[Task details] Every line of the data below is to be given again as it appears, with the images removed.

::::

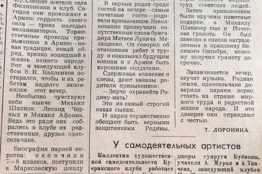 Материал опубликован в газете «Знамя коммунизма» (1965 год). Автор – О.Владимиров. «Закончены последние уроки. Учащиеся Березовской восьмилетней школы отправляются по домам. Выполнив домашнее задание, отдохнув, многие из них вечерами опять приходят в школу. Да и не только вечером, а просто в свободное время. Сейчас здесь часто можно услышать музыку. Репетируется ученический струнный оркестр, руководит которым преподаватель биологии Антонина Никитична Перегородова. Она умеет играть на многих музыкальных инструментах, знает нотную грамоту. Мандолины, гитары, балалайки — все это куплено на деньги, заработанные школьниками в колхозе. А Валя Кабдушев, Коля Китченко и Володя Майер ходят заниматься со своими гармониками. На этом же концерте выступят и члены литературного кружка, которым руководит преподаватель Антонина Михайловна Гладырева. Кружковцы готовят интересную литературную композицию, а впереди — диспуты, вечера вопросов и ответов,вечера, посвященные знаменательным датам.
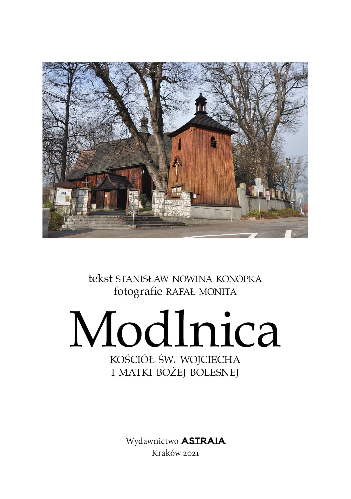 Modlnicki kościół wzniesiony w 1553 r. doczekał się pierwszego, obszernego, albumowego opracowania, które daje gruntowny obraz jego dziejów wraz z obszernym opisem wyposażenia, przywołując również historię związanych z nim osób. Silna więź autora Stanisława Nowina Konopki z tym miejscem wynika z ponad 200-letniej obecności rodziny Konopków w Modlnicy, gdzie dwór i kościół były zawsze ze sobą nieomal organicznie związane. Ta trwająca do dzisiaj więź zainspirowała młodego autora do napisania książki, w której historia drewnianej świątyni wzbogacona jest o niepublikowane dotąd prastare wspomnienia rodzinne. Tekstowi towarzyszą liczne zdjęcia Rafała Monity uzupełnione ciekawymi zdjęciami archiwalnymi.
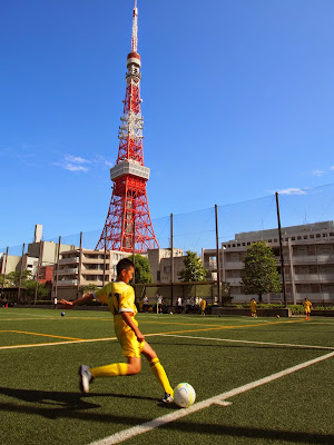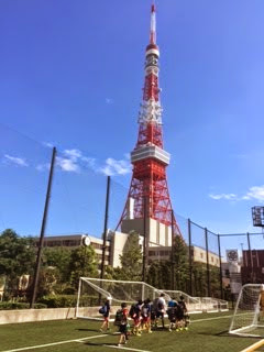 東京タワーに見守られながら素晴らしい人工芝のグランドでの戦いでしたが雷はガンガン雨風は強くなり1時間の中断(泣)
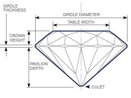 Girdle: The narrow rim that separates the crown from the pavilion. It measures the widest part of the diamond
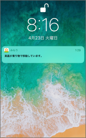 「乗り物移動通知」機能は、子どもが乗り物で移動した時にお知らせする機能です。およそ時速10km以上の移動をした場合、「みもり」が検知し、保護者のスマートフォンにプッシュ通知でお知らせします。この機能により、子どもバスや電車に乗ったタイミングはもちろんのこと、不自然な高速移動(車での連れ去り等)など、万が一の異変にもすぐ気がつくことができます。
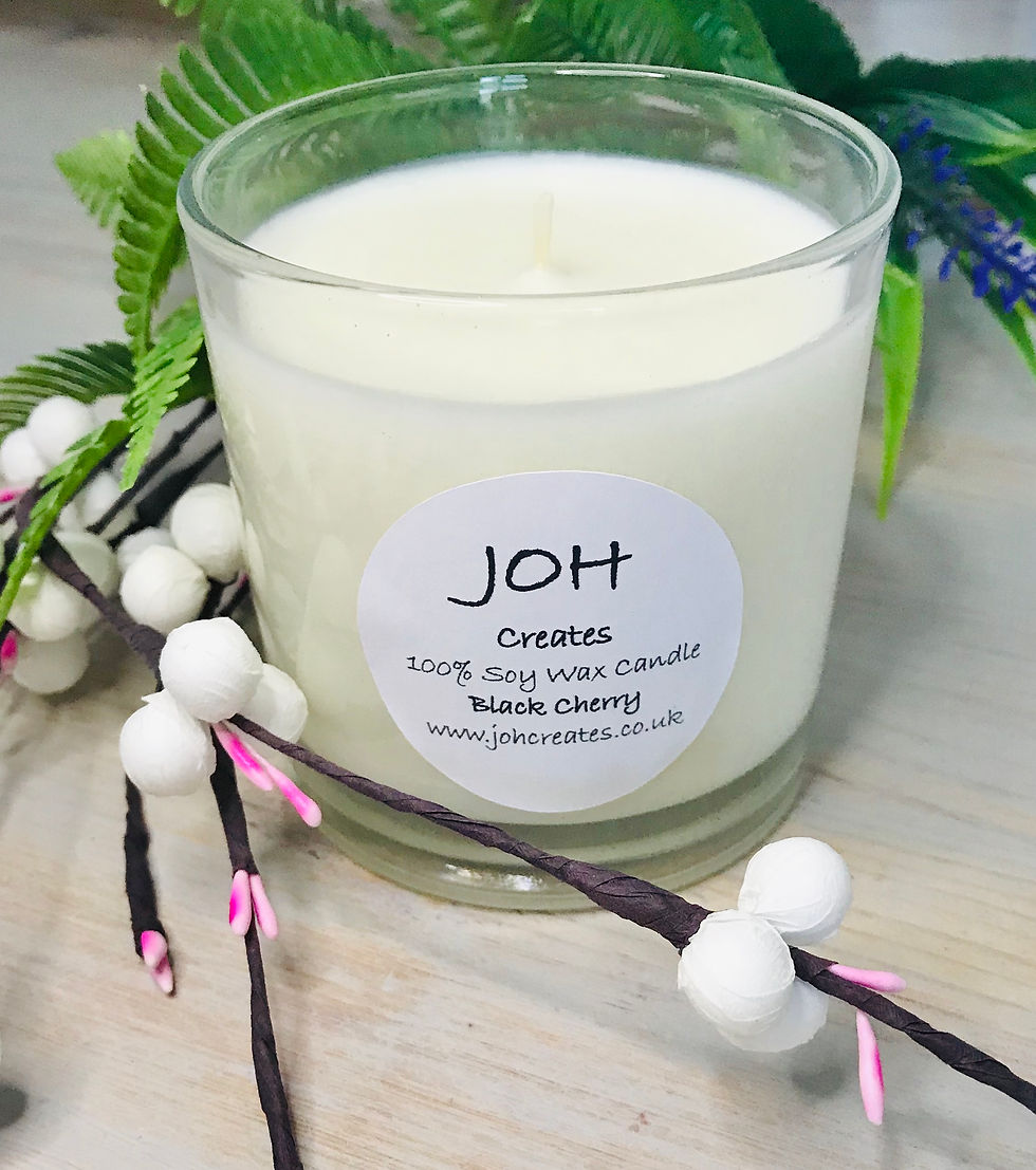 Black Cherry 100% Soy Wax & Essential Oils Candle -250ml Glass Container
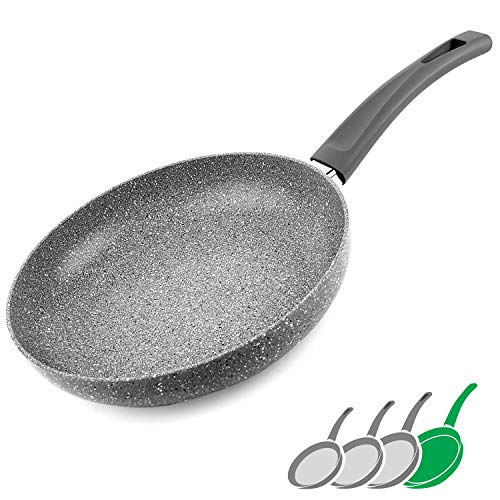 - ACABADO GRANITO DE PIEDRA GRIS FANCY: Con el aspecto elegante de una sartén de piedra de granito natural pero la durabilidad de una sartén de aluminio, nuestra sartén antiadherente de inducción hecha en Italia combina el estilo moderno con la comodidad tradicional.
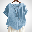 Ez a blúz ötvözi az eleganciát és a kényelmet nyári napjaidhoz. Kézműves tervezése kiváló minőséget és figyelmet biztosít a részletekre. Több színben elérhető, így minden stílushoz illik.
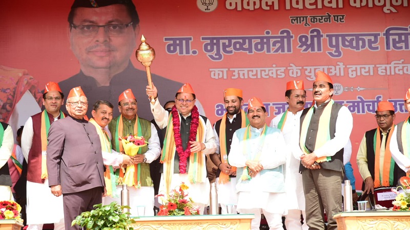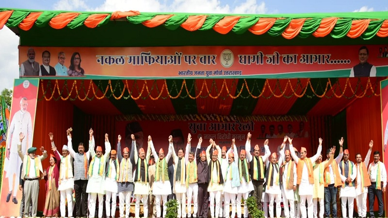हल्द्वानी/देहरादून, खबर न्यू इंडिया (न्यूज़ डेस्क): मुख्यमंत्री पुष्कर सिंह धामी ने बुधवार को रामलीला मैदान, हल्द्वानी, में नकल विरोधी कानून लागू करने के उपलक्ष में भारतीय जनता युवा मोर्चा द्वारा आयोजित आभार रैली में प्रतिभाग कर जनसभा को संबोधित किया। मुख्यमंत्री पुष्कर सिंह धामी ने इस अवसर पर घोषणा की कि समूह ’ग’ की कोई भी परीक्षा चाहे वह लोक सेवा आयोग से बाहर की हो या लोक सेवा आयोग के द्वारा कराई जा रही हो। सभी परीक्षाओं में साक्षात्कार की व्यवस्था तत्काल प्रभाव से समाप्त कर दी जाय। इसमें तकनीकी और गैर तकनीकी पद भी सम्मिलित होंगे अर्थात् जेई जैसे तकनीकी पदों में भी साक्षात्कार की व्यवस्था पूर्ण रूप से समाप्त कर दी जाएगी। उच्च पदों में जहाँ साक्षात्कार आवश्यक हो, जैसे- पी०सी०एस० या अन्य उच्च पद वहां भी साक्षात्कार का प्रतिशत कुल अंकों के 10 प्रतिशत से ज्यादा नहीं रखा जाएगा। साक्षात्कार के अकों को भी पारदर्शी प्रक्रिया के तहत साक्षात्कार में किसी भी अभ्यर्थी को यदि 40 प्रतिशत से कम और 70 प्रतिशत से अधिक दिए जाते हैं तो साक्षात्कार लेने वाले व्यक्ति या बोर्ड को इसका स्पष्ट कारण बताना होगा।
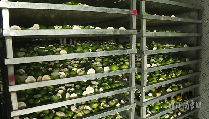 “我们一共新建了10个烘干房,每个烘干房可以容纳22个托盘,一次可以烘干16000斤鲜果。”余霆伟自豪地说,“相比之前,效率提高了近一倍。”
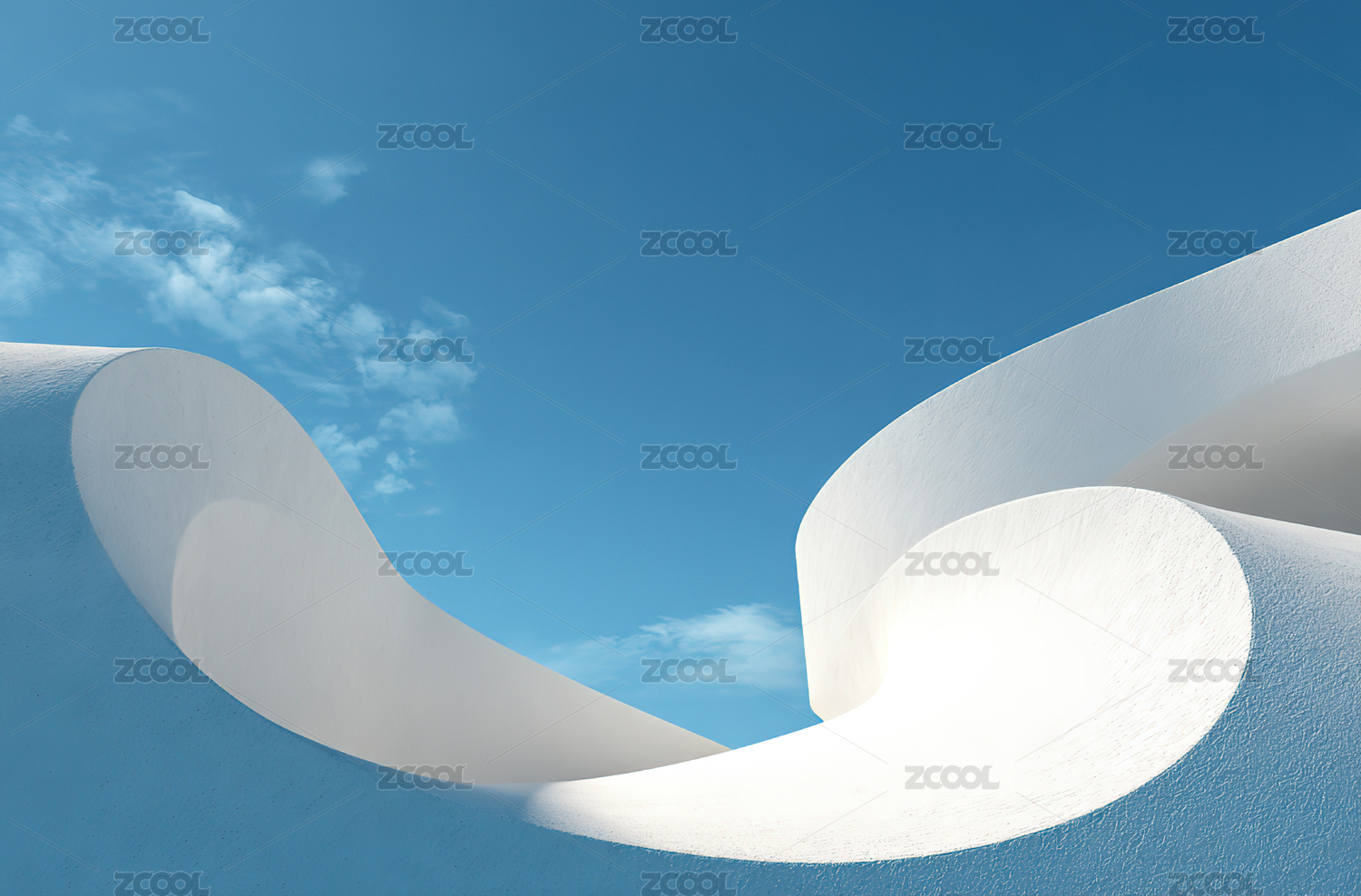 白色曲线雕塑与蓝天
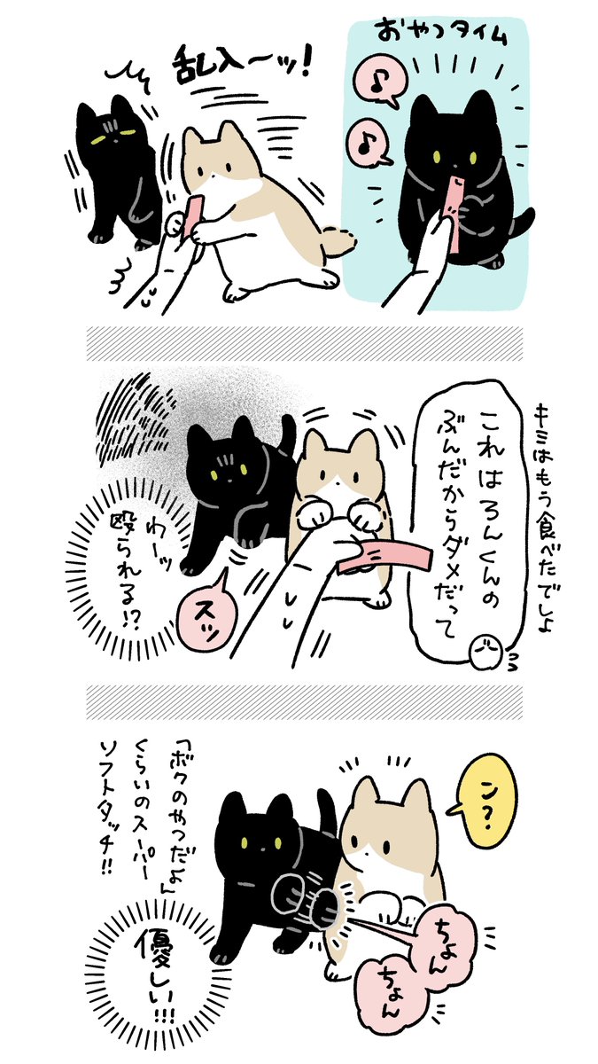 ろんさん、後輩に大好きなオヤツを奪われそうになってるのに全然怒らずに優しく「ボクのぶんです」アピールしてて、なんていい子なんや…てなった #ろんの絵日記
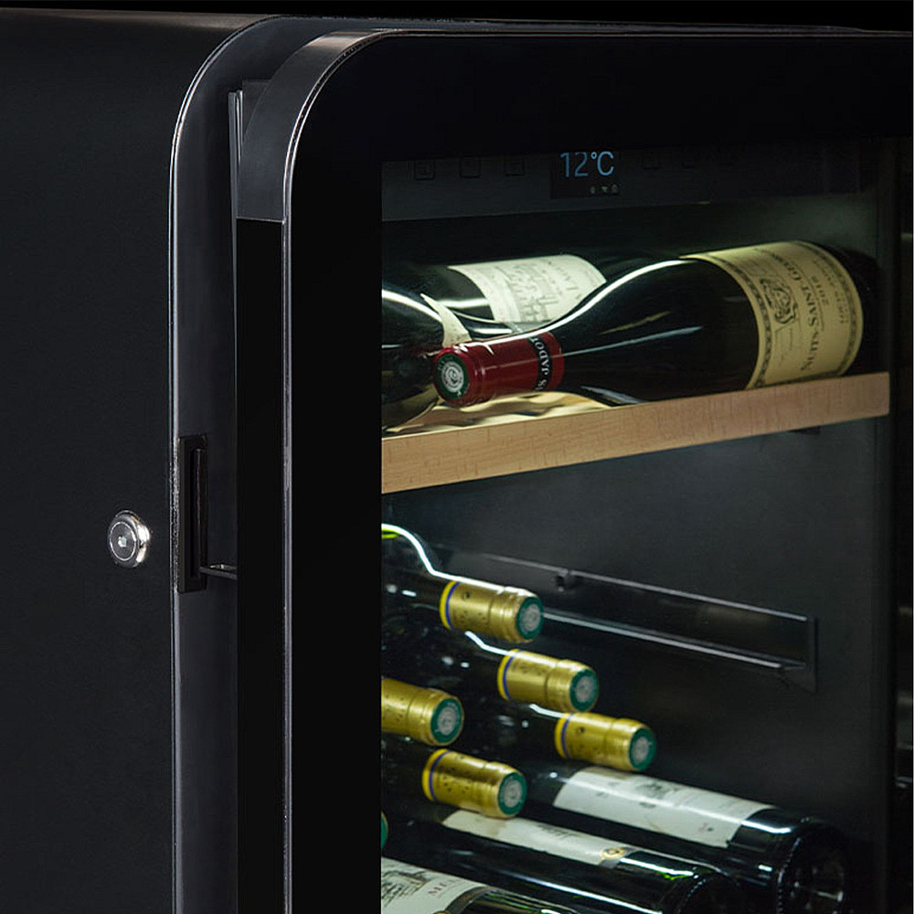 Förvaring i dessa vinkylar ger optimala förutsättningar för att bevara och utveckla vinets kvalitet. Den avancerade kyltekniken håller temperaturen stabil, medan det aktiva kolfiltret renar luften och skyddar flaskorna mot UV-strålar och vibrationer för långsiktig och säker lagring.
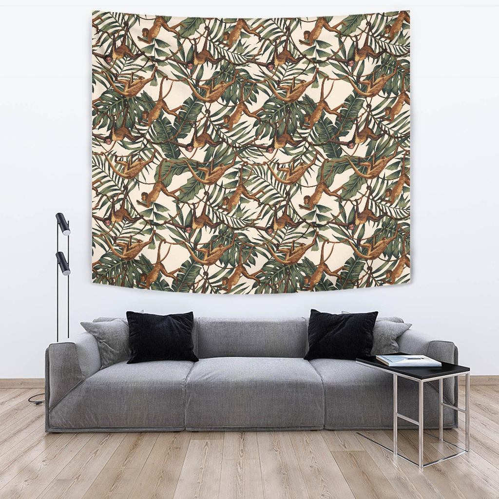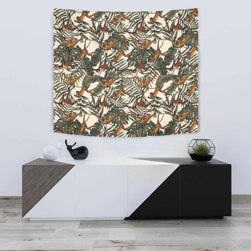 Monkey tropical leaves background Tapestry is a uniqued design and limited item. It made to order, hand printed, and sewn with love in our factory.
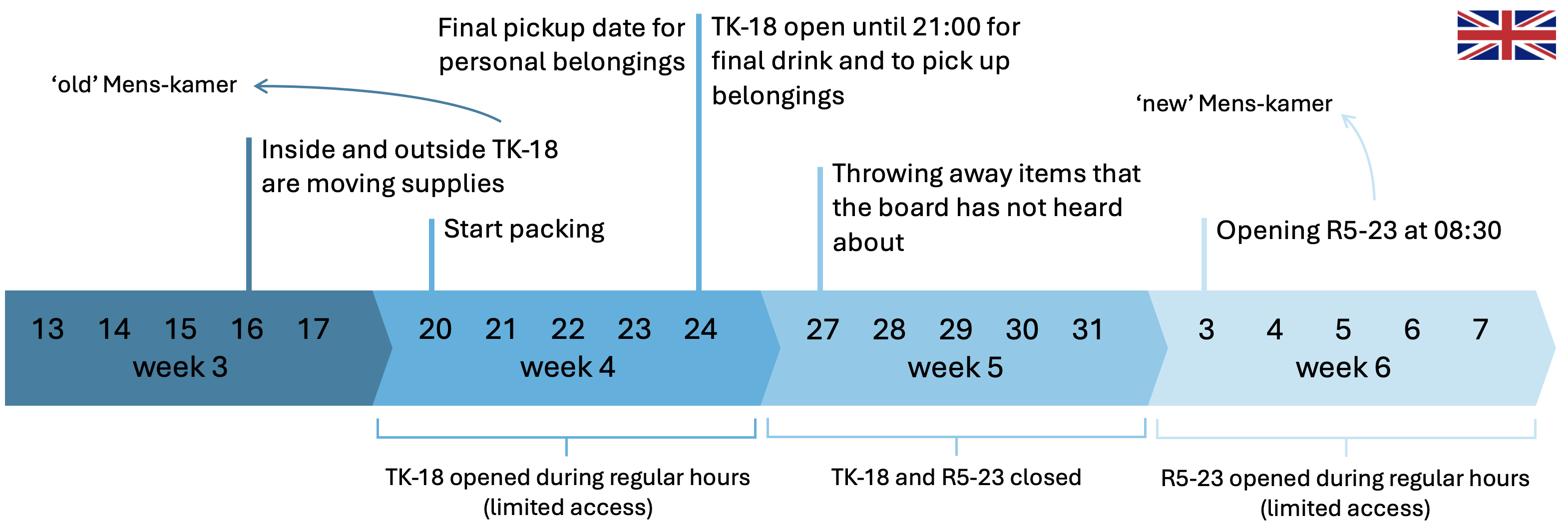 For now this is all the information we can currently give you regarding the relocation. A summary of the most important points can be found below. In case you have any specific questions regarding the relocation you can always send an email to bestuur@mens-vu.nl. The XXIVth board wishes all members a great goodbye to TK-18 and goodluck in the exam week. After the relocation we hope to receive everyone soon in WN-R523!
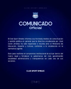 Emelec oficializa la inscripción de su directiva encabezada por José David Jiménez para el periodo 2026-2030
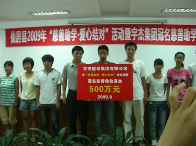 仙居县2009年“慈善助学·爱心结对”活动暨宇杰集团冠名基金慈善助学金发放仪式举行
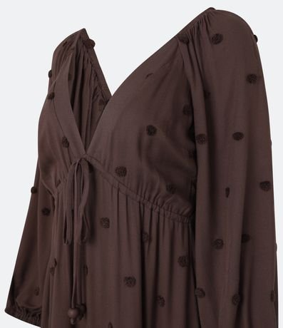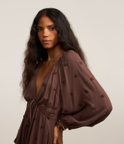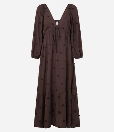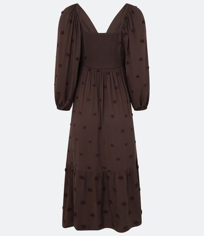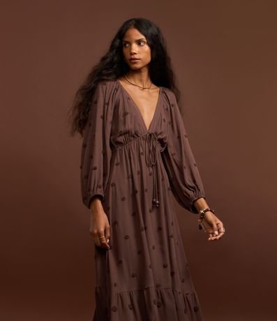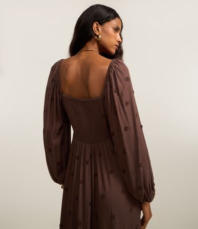 Vestido new midi feminino, confeccionado em twill. A peça conta com decote cavado na parte frontal, mangas longas soltinhas, com efeito bufante, lastex nas costas e bolinha bordadas.
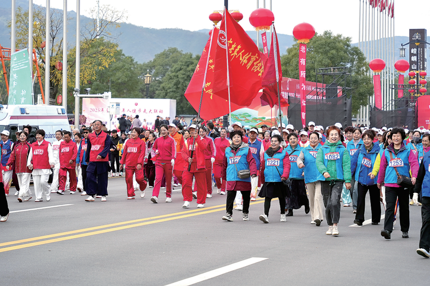 10月29日,选手们从起点出发。当日,甘肃省2025年“九九重阳”全民健身主题活动(甘肃主会场)启动仪式暨平凉市第四届老年人运动会健步走活动在崆峒古镇举行。

::::

[Answer to this problem]
 Материал опубликован в газете «Знамя коммунизма» (1965 год). Автор – О.Владимиров. «Закончены последние уроки. Учащиеся Березовской восьмилетней школы отправляются по домам. Выполнив домашнее задание, отдохнув, многие из них вечерами опять приходят в школу. Да и не только вечером, а просто в свободное время. Сейчас здесь часто можно услышать музыку. Репетируется ученический струнный оркестр, руководит которым преподаватель биологии Антонина Никитична Перегородова. Она умеет играть на многих музыкальных инструментах, знает нотную грамоту. Мандолины, гитары, балалайки — все это куплено на деньги, заработанные школьниками в колхозе. А Валя Кабдушев, Коля Китченко и Володя Майер ходят заниматься со своими гармониками. На этом же концерте выступят и члены литературного кружка, которым руководит преподаватель Антонина Михайловна Гладырева. Кружковцы готовят интересную литературную композицию, а впереди — диспуты, вечера вопросов и ответов,вечера, посвященные знаменательным датам.
 Modlnicki kościół wzniesiony w 1553 r. doczekał się pierwszego, obszernego, albumowego opracowania, które daje gruntowny obraz jego dziejów wraz z obszernym opisem wyposażenia, przywołując również historię związanych z nim osób. Silna więź autora Stanisława Nowina Konopki z tym miejscem wynika z ponad 200-letniej obecności rodziny Konopków w Modlnicy, gdzie dwór i kościół były zawsze ze sobą nieomal organicznie związane. Ta trwająca do dzisiaj więź zainspirowała młodego autora do napisania książki, w której historia drewnianej świątyni wzbogacona jest o niepublikowane dotąd prastare wspomnienia rodzinne. Tekstowi towarzyszą liczne zdjęcia Rafała Monity uzupełnione ciekawymi zdjęciami archiwalnymi.
 東京タワーに見守られながら素晴らしい人工芝のグランドでの戦いでしたが雷はガンガン雨風は強くなり1時間の中断(泣)
 Girdle: The narrow rim that separates the crown from the pavilion. It measures the widest part of the diamond
 「乗り物移動通知」機能は、子どもが乗り物で移動した時にお知らせする機能です。およそ時速10km以上の移動をした場合、「みもり」が検知し、保護者のスマートフォンにプッシュ通知でお知らせします。この機能により、子どもバスや電車に乗ったタイミングはもちろんのこと、不自然な高速移動(車での連れ去り等)など、万が一の異変にもすぐ気がつくことができます。
 Black Cherry 100% Soy Wax & Essential Oils Candle -250ml Glass Container
 - ACABADO GRANITO DE PIEDRA GRIS FANCY: Con el aspecto elegante de una sartén de piedra de granito natural pero la durabilidad de una sartén de aluminio, nuestra sartén antiadherente de inducción hecha en Italia combina el estilo moderno con la comodidad tradicional.
 Ez a blúz ötvözi az eleganciát és a kényelmet nyári napjaidhoz. Kézműves tervezése kiváló minőséget és figyelmet biztosít a részletekre. Több színben elérhető, így minden stílushoz illik.
हल्द्वानी/देहरादून, खबर न्यू इंडिया (न्यूज़ डेस्क): मुख्यमंत्री पुष्कर सिंह धामी ने बुधवार को रामलीला मैदान, हल्द्वानी, में नकल विरोधी कानून लागू करने के उपलक्ष में भारतीय जनता युवा मोर्चा द्वारा आयोजित आभार रैली में प्रतिभाग कर जनसभा को संबोधित किया। मुख्यमंत्री पुष्कर सिंह धामी ने इस अवसर पर घोषणा की कि समूह ’ग’ की कोई भी परीक्षा चाहे वह लोक सेवा आयोग से बाहर की हो या लोक सेवा आयोग के द्वारा कराई जा रही हो। सभी परीक्षाओं में साक्षात्कार की व्यवस्था तत्काल प्रभाव से समाप्त कर दी जाय। इसमें तकनीकी और गैर तकनीकी पद भी सम्मिलित होंगे अर्थात् जेई जैसे तकनीकी पदों में भी साक्षात्कार की व्यवस्था पूर्ण रूप से समाप्त कर दी जाएगी। उच्च पदों में जहाँ साक्षात्कार आवश्यक हो, जैसे- पी०सी०एस० या अन्य उच्च पद वहां भी साक्षात्कार का प्रतिशत कुल अंकों के 10 प्रतिशत से ज्यादा नहीं रखा जाएगा। साक्षात्कार के अकों को भी पारदर्शी प्रक्रिया के तहत साक्षात्कार में किसी भी अभ्यर्थी को यदि 40 प्रतिशत से कम और 70 प्रतिशत से अधिक दिए जाते हैं तो साक्षात्कार लेने वाले व्यक्ति या बोर्ड को इसका स्पष्ट कारण बताना होगा।
 “我们一共新建了10个烘干房,每个烘干房可以容纳22个托盘,一次可以烘干16000斤鲜果。”余霆伟自豪地说,“相比之前,效率提高了近一倍。”
 白色曲线雕塑与蓝天
 ろんさん、後輩に大好きなオヤツを奪われそうになってるのに全然怒らずに優しく「ボクのぶんです」アピールしてて、なんていい子なんや…てなった #ろんの絵日記
 Förvaring i dessa vinkylar ger optimala förutsättningar för att bevara och utveckla vinets kvalitet. Den avancerade kyltekniken håller temperaturen stabil, medan det aktiva kolfiltret renar luften och skyddar flaskorna mot UV-strålar och vibrationer för långsiktig och säker lagring.
 Monkey tropical leaves background Tapestry is a uniqued design and limited item. It made to order, hand printed, and sewn with love in our factory.
 For now this is all the information we can currently give you regarding the relocation. A summary of the most important points can be found below. In case you have any specific questions regarding the relocation you can always send an email to bestuur@mens-vu.nl. The XXIVth board wishes all members a great goodbye to TK-18 and goodluck in the exam week. After the relocation we hope to receive everyone soon in WN-R523!
 Emelec oficializa la inscripción de su directiva encabezada por José David Jiménez para el periodo 2026-2030
 仙居县2009年“慈善助学·爱心结对”活动暨宇杰集团冠名基金慈善助学金发放仪式举行
 Vestido new midi feminino, confeccionado em twill. A peça conta com decote cavado na parte frontal, mangas longas soltinhas, com efeito bufante, lastex nas costas e bolinha bordadas.
 10月29日,选手们从起点出发。当日,甘肃省2025年“九九重阳”全民健身主题活动(甘肃主会场)启动仪式暨平凉市第四届老年人运动会健步走活动在崆峒古镇举行。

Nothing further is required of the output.